Washington - Arab Today
Republican presidential candidate Donald Trump was under fire Wednesday for a remark which is being interpreted by his critics as implying that someone ought to shoot his Democratic rival, Hillary Clinton.
Speaking at a rally in support of gun rights in North Carolina, Trump said that if Clinton became president she would appoint judges to the US Supreme Court that could overturn the Second Amendment to the US Constitution, which gives Americans the right to bear arms.
"Hillary wants to abolish -- essentially abolish the Second Amendment," Trump said. "By the way, if she gets to pick, if she gets to pick her judges, nothing you can do, folks. Although the Second Amendment people, maybe there is, I don't know".
By "Second Amendment people" doing something, Trump was referring to gun rights advocates.
Robby Mook, Clinton's campaign manager, said in a statement: "This is simple -- what Trump is saying is dangerous. A person seeking to the be president of the United States should not suggest violence in any way," he said.

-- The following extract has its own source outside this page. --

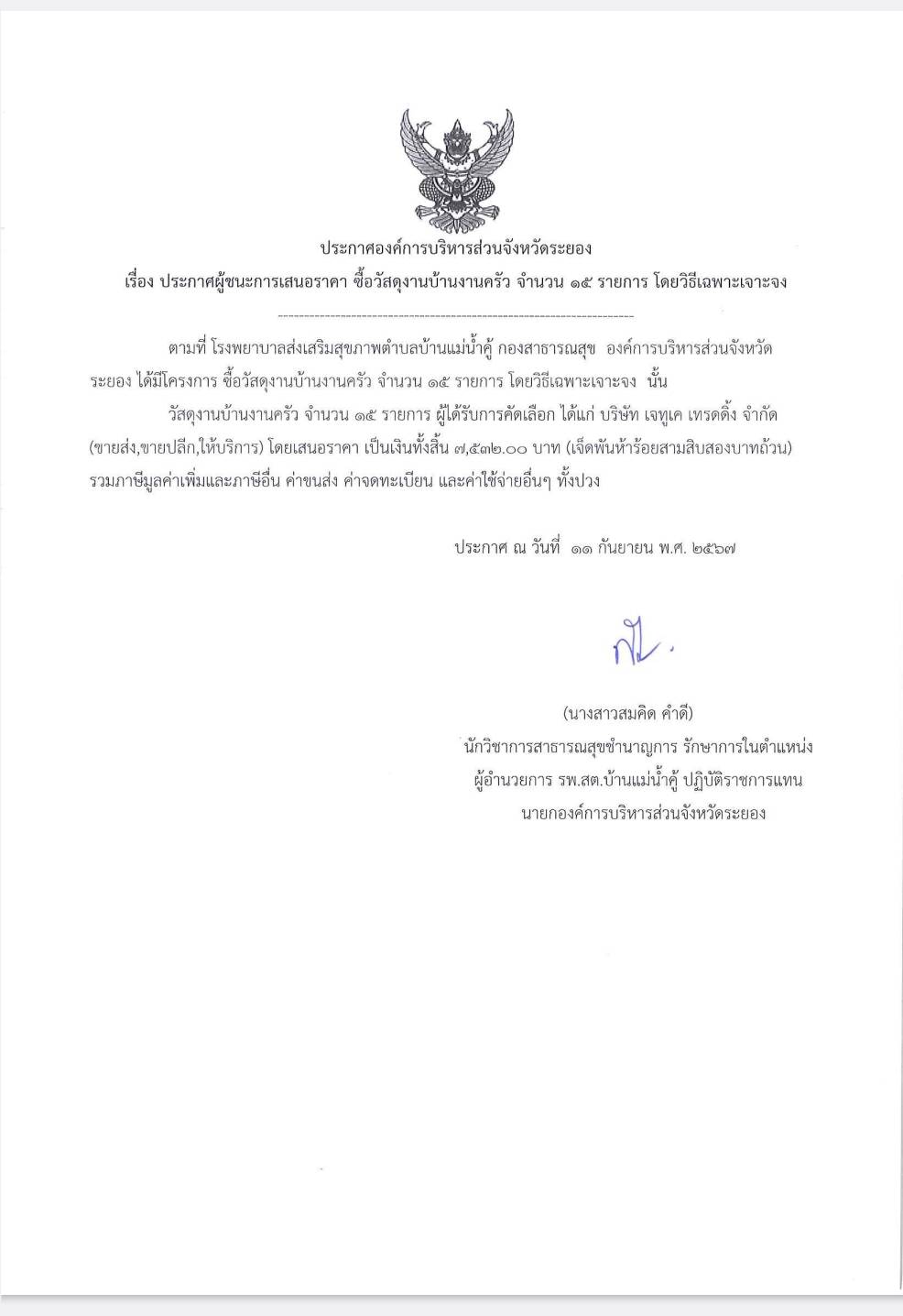 ประกาศผู้ชนะการเสนอราคา ซื้อวัสดุงานบ้านงานครัว จำนวน 15 รายการ โดยวิธีเฉพาะเจาะจง

But Jason Miller, Trump's senior communications adviser, said Trump was only referring to gun rights advocates coming out to vote for him and defeating Clinton.
"It's called the power of unification -- 2nd Amendment people have amazing spirit and are tremendously unified, which gives them great political power," Miller said. "And this year, they will be voting in record numbers, and it won't be for Hillary Clinton, it will be for Donald Trump".
That did not satisfy many Democrats. Democratic Senator Chris Murphy, who supports limiting the right to own guns in the wake of many mass shootings in the US, said in a Tweet: "Don't treat this as a political misstep. It's an assassination threat, seriously upping the possibility of a national tragedy and crisis".